EXERCISE DATA>
>>>>>
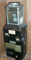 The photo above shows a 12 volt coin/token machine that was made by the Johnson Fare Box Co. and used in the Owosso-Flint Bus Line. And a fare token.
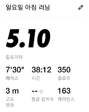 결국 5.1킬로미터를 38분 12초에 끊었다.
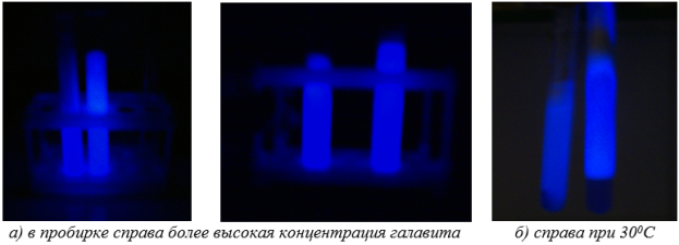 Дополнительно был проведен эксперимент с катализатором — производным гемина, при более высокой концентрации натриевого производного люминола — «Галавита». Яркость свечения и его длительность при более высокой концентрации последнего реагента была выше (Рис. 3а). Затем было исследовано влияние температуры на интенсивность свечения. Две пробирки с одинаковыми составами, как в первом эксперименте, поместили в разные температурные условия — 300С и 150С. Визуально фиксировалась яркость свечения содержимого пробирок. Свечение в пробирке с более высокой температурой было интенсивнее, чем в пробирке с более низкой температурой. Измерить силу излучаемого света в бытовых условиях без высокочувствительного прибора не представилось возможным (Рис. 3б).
<<<<<
>>>>>
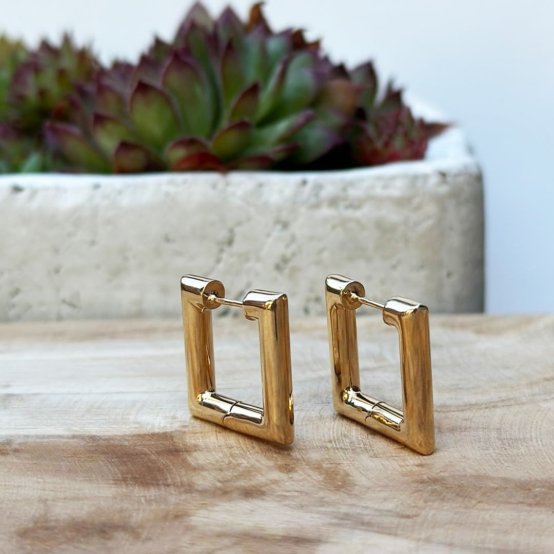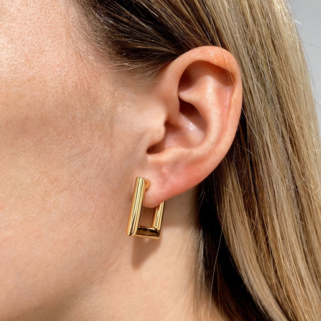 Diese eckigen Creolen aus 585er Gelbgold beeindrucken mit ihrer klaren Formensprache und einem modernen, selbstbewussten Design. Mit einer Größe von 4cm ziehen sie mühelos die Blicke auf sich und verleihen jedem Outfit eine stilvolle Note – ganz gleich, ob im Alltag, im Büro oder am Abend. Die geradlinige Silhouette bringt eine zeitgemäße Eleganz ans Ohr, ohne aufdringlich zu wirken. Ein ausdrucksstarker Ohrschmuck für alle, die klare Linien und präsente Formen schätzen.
<<<<<
ACTIVITY> Look above for the line with "The photo above" and the line with "결국 5.1킬로미터를 38분 12초에 끊었다.". Copy them and every line between, exactly, but no pictures.

OUTPUT>
 The photo above shows a 12 volt coin/token machine that was made by the Johnson Fare Box Co. and used in the Owosso-Flint Bus Line. And a fare token.
 결국 5.1킬로미터를 38분 12초에 끊었다.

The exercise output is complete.